FMT: fecal microbiota transplantation; eGFR: estimated glomerular filtration rate.

The intestinal biodiversity of patient A was distorted, as evidenced by low alpha diversity [Figure 1(B); Supplemental Digital Content (Tables S3 and S6 and Figure S1)] and distinct beta diversity (Figure 1(C)), which were reversed during and after FMT. Additionally, Phylum Proteobacteria was found with decreasing abundance, while genus Prevotella with increasing abundance, during FMT (Supplemental Digital Content, Figures S2 and S3). The patient developed red papules on the limbs and body (skin biopsy showed spongioticdermatitis), and was infected with influenza A virus during hospitalization for FMT, and recovered after appropriate treatment.

Figure 2.

Treatment timeline, Alpha diversity, Beta diversity, and 24-h urinary protein of patient B before, during, and post FMT. (A) Treatment timeline of patient B. The timeline shows the major clinical events during the treatment process of patient B. M: month; CTX: cyclophosphamide; FK506: tacrolimus; MMF: mycophenolatemofetil; FMT: fecal microbiota transplantation. (B) Alpha diversity (Chao index) of gut microbiota in patient B. Black dots represent different samples collected from patient B before (B_Pre), during (B_FMT), and post FMT (B_Post). (C) Beta diversity (PCOA index) of gut microbiota in patient B. Red dots represent samples from donors; Samples collected from patient B before (B_Pre, blue square), during (B_FMT, green triangle), and post FMT (B_Post, yellow diamond). (D) 24-h urinary protein of patient B before, during, and post FMT. A Red solid line indicates the trend.

Case 2

Patient B was a 32-year-old woman who was referred to our center due to persistent heavy proteinuria. Examination revealed: body height 165 cm, weight 55 kg, blood pressure 110/65 mmHg, 24-hUP 1320 mg, sCr 100 µmol/L, sAlb 37.8 g/L, and eGFR 59.2 mL/min/1.73 m2. She initially noted foamy urine in April 2016, and underwent kidney biopsy with a diagnosis of IgAN (Lee III) in her local hospital, when tests showed 24-hUP 3614.7 mg, urine occult blood (+), sCr 61 µmol/L, and sAlb 33.6 g/L. She received prednisone (60 mg, q.d.), cyclophosphamide (intravenous, 1 g every 4 weeks), and candesartan (4 mg, q.d.) for 3 months.
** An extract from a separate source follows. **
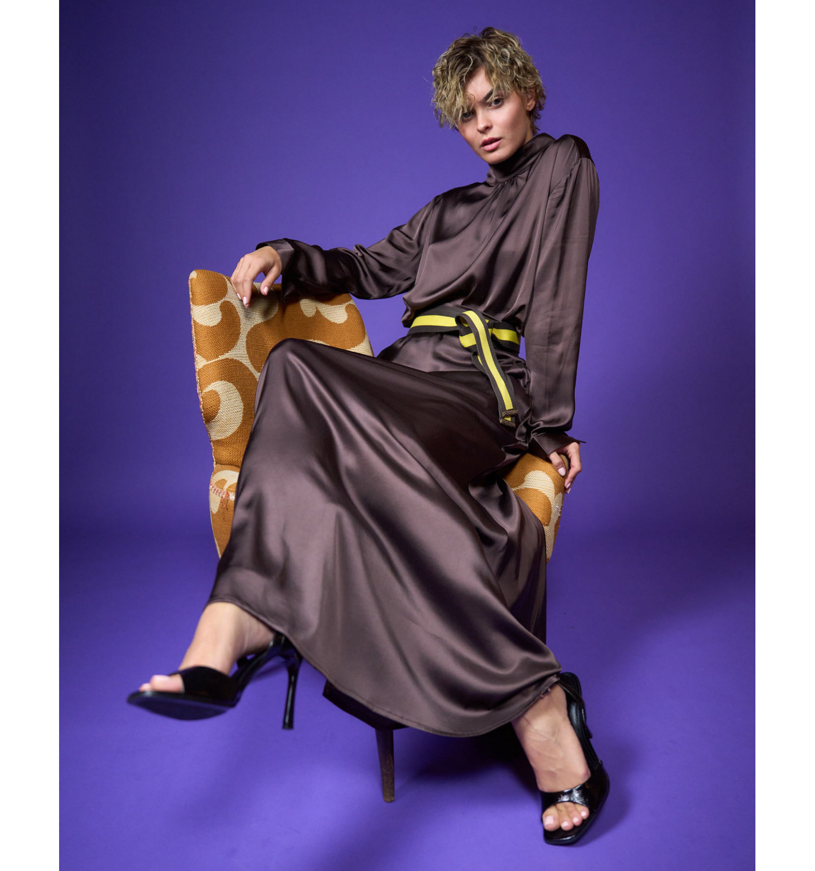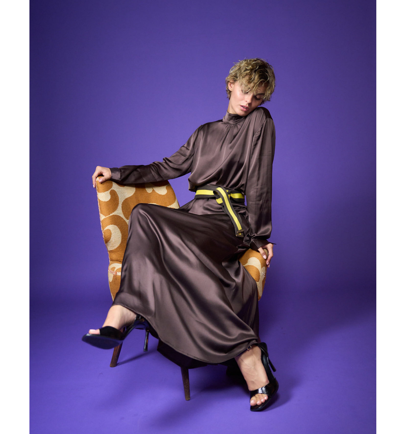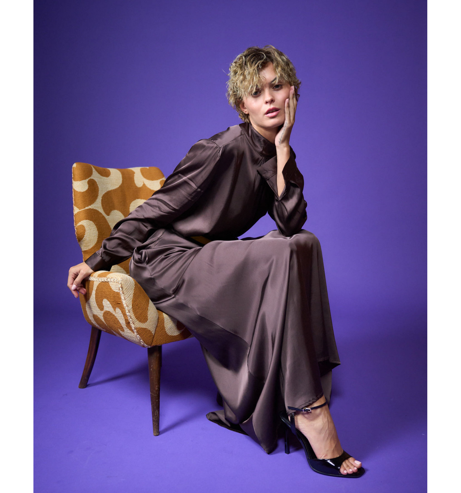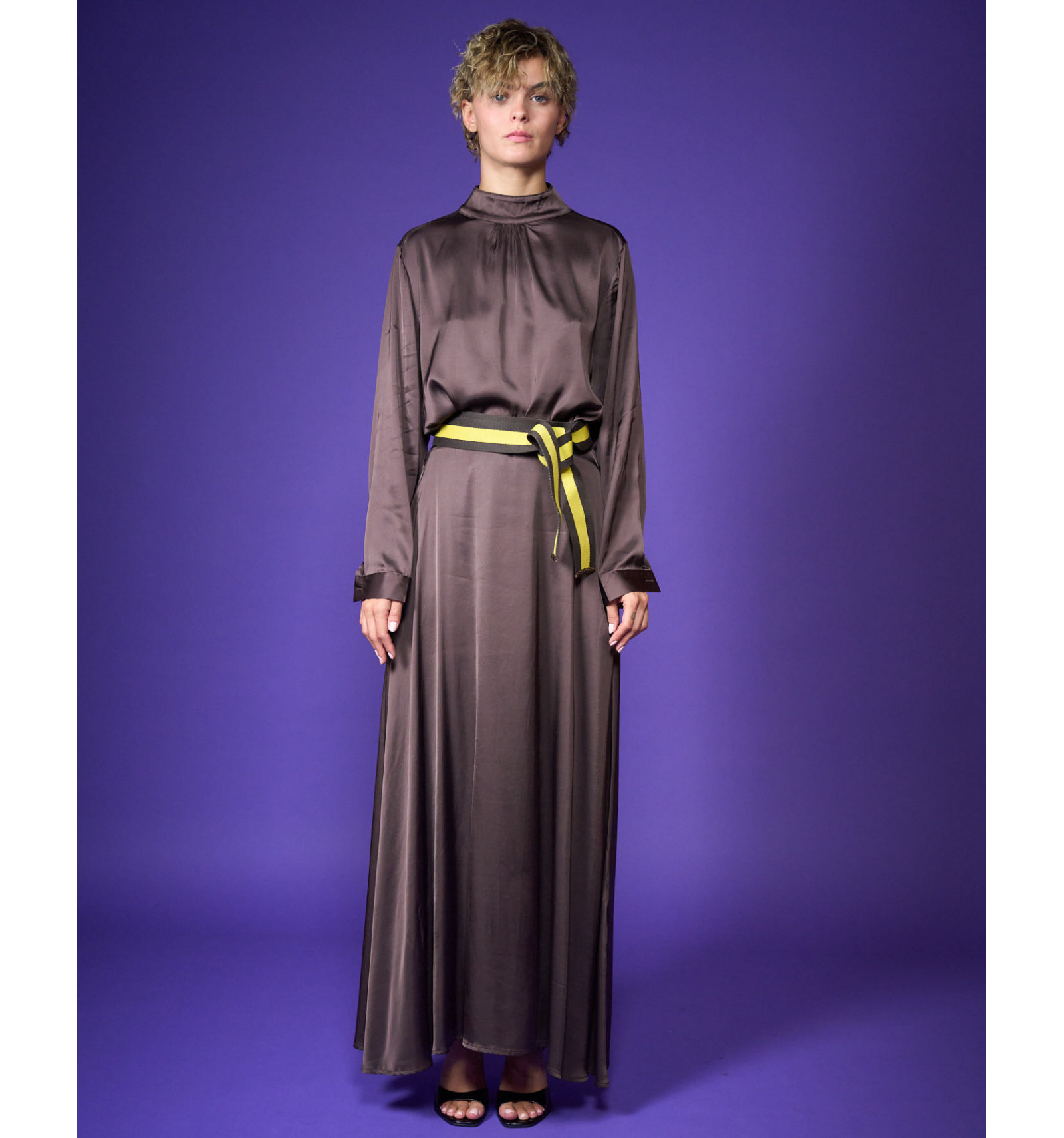 Camicia in raso di viscosa stretch collo a lupetto bottoni sul collo dietro

However, 24-hUP was not controlled and fluctuated between 4277.8 and 6320.8 mg. She then received tacrolimus (2 mg, b.i.d), prednisone, and irbesartan (150 mg, q.d; gradually increased to maximum tolerated dose) for 12 months. The 24-hUP decreased to 840 mg in August 2017, but never dropped further. Meanwhile, she developed severe tremors and alopecia. In March 2018, she was prescribed MMF (0.75 g, b.i.d) for 3 months. Unfortunately, the 24-hUP still did not decrease, sCr increased to 100 µmol/L, and sAlb deceased to 37.8 g/L. Immunosuppressive therapy failed to further improve her condition which was considered as refractory IgAN (Supplemental Digital Content, Table S4). The above therapy was discontinued for three months by which time 24-hUP increased to 2490 mg, and sAlb deceased to 32.6 g/L. We treated her with intensive fresh FMT, 60 treatments in 6 months (200 mL daily, 10–15 d/month), and followed up for 6 months (Figure 2(A)). Valsartan was prescribed during the FMT treatment and follow-up.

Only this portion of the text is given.